| Dataset records |
------------------------------------------------

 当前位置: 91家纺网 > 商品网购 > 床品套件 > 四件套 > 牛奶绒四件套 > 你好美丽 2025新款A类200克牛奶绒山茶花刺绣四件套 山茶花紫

------------------------------------------------

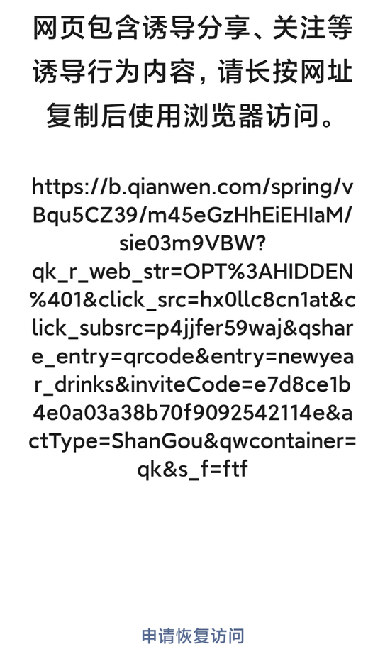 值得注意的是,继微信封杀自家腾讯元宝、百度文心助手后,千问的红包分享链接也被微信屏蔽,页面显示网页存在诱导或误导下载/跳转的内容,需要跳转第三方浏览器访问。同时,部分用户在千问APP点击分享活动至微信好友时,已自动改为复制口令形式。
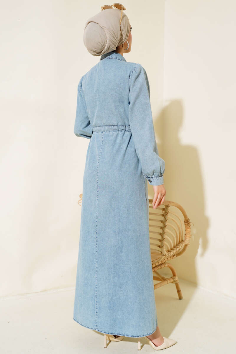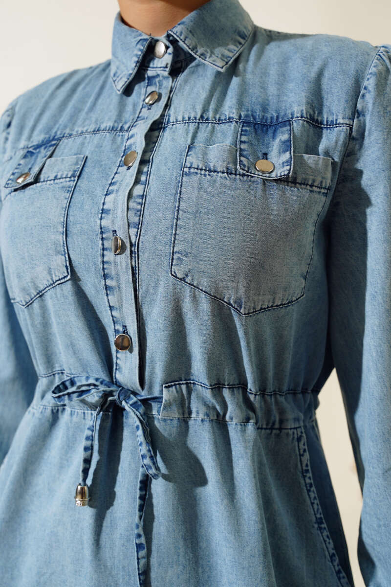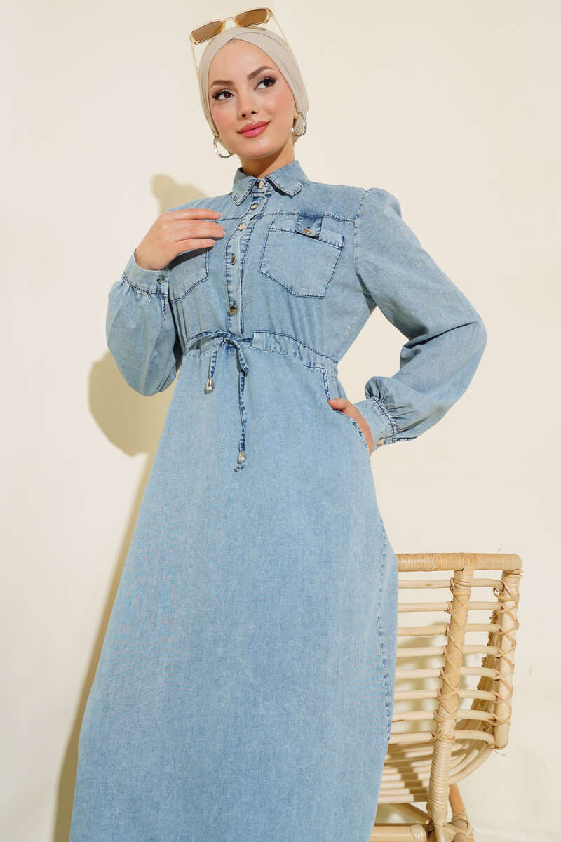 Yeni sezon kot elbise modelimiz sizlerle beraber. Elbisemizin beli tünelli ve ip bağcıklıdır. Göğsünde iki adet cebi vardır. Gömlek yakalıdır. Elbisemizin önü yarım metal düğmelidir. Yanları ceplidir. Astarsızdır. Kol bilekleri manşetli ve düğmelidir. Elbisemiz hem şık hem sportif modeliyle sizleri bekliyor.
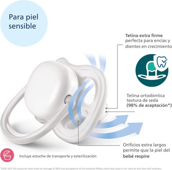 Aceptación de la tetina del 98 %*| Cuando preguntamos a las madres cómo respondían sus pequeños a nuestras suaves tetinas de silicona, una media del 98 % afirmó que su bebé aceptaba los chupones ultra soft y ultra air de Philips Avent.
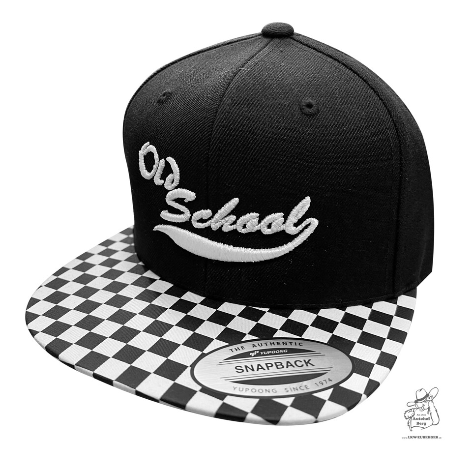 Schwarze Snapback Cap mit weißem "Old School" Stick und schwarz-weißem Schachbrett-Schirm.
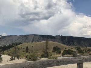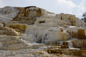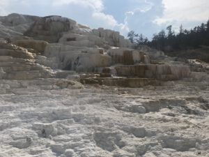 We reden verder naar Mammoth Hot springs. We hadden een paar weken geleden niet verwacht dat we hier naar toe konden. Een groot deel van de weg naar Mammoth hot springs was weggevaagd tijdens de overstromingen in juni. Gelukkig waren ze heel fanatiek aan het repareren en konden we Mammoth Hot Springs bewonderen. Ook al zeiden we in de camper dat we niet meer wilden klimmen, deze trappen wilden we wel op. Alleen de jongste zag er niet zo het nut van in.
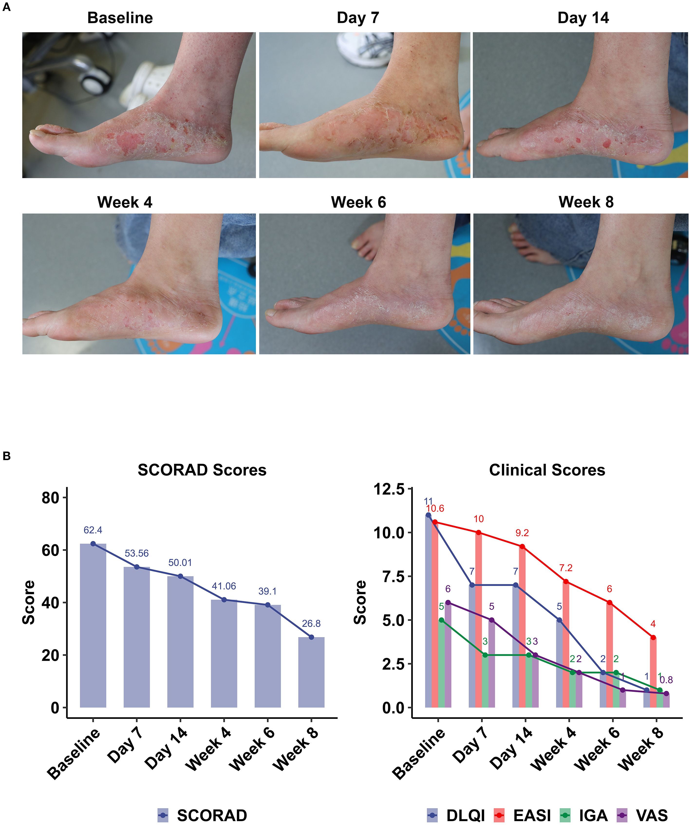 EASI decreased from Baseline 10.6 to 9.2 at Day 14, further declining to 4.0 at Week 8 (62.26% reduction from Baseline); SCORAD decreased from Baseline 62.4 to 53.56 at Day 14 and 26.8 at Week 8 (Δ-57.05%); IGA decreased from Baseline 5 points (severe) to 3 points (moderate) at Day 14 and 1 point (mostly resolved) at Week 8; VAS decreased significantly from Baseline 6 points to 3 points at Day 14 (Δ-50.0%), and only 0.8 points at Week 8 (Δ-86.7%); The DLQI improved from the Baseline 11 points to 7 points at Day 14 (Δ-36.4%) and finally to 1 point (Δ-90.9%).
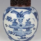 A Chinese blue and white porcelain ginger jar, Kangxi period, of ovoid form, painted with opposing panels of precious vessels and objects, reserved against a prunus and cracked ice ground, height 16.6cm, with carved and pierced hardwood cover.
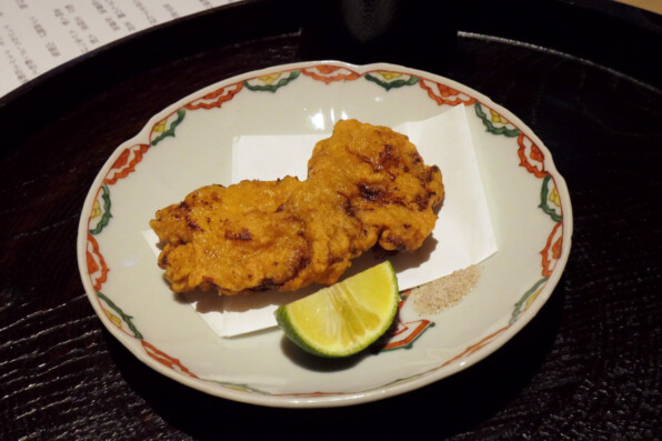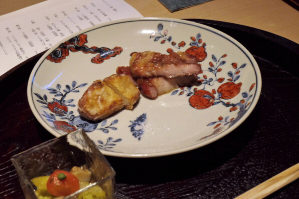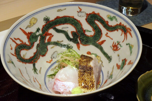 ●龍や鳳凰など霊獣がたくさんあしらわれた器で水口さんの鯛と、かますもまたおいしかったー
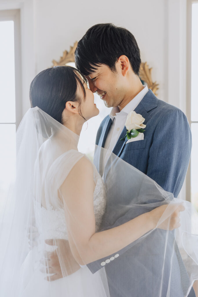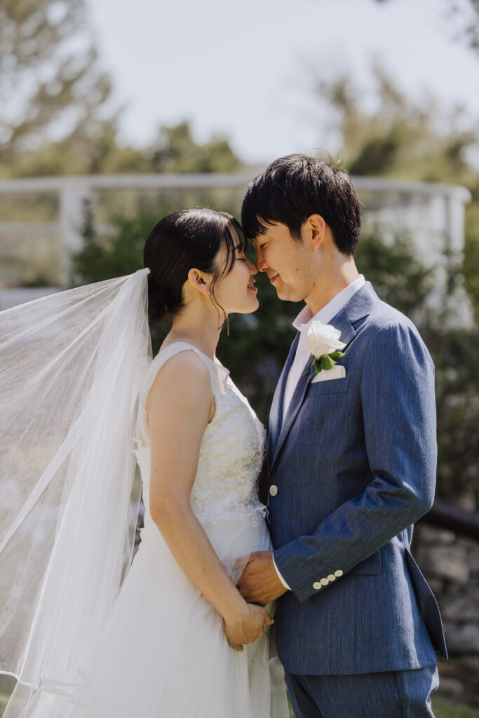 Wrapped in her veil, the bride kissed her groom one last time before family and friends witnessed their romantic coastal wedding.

------------------------------------------------

| To do |
Go back to the lines above and output, exactly as they stand, the ones from the line containing "Yeni sezon kot" to the line containing "Aceptación de la". Leave all pictures behind.

| The completed task |
 Yeni sezon kot elbise modelimiz sizlerle beraber. Elbisemizin beli tünelli ve ip bağcıklıdır. Göğsünde iki adet cebi vardır. Gömlek yakalıdır. Elbisemizin önü yarım metal düğmelidir. Yanları ceplidir. Astarsızdır. Kol bilekleri manşetli ve düğmelidir. Elbisemiz hem şık hem sportif modeliyle sizleri bekliyor.
 Aceptación de la tetina del 98 %*| Cuando preguntamos a las madres cómo respondían sus pequeños a nuestras suaves tetinas de silicona, una media del 98 % afirmó que su bebé aceptaba los chupones ultra soft y ultra air de Philips Avent.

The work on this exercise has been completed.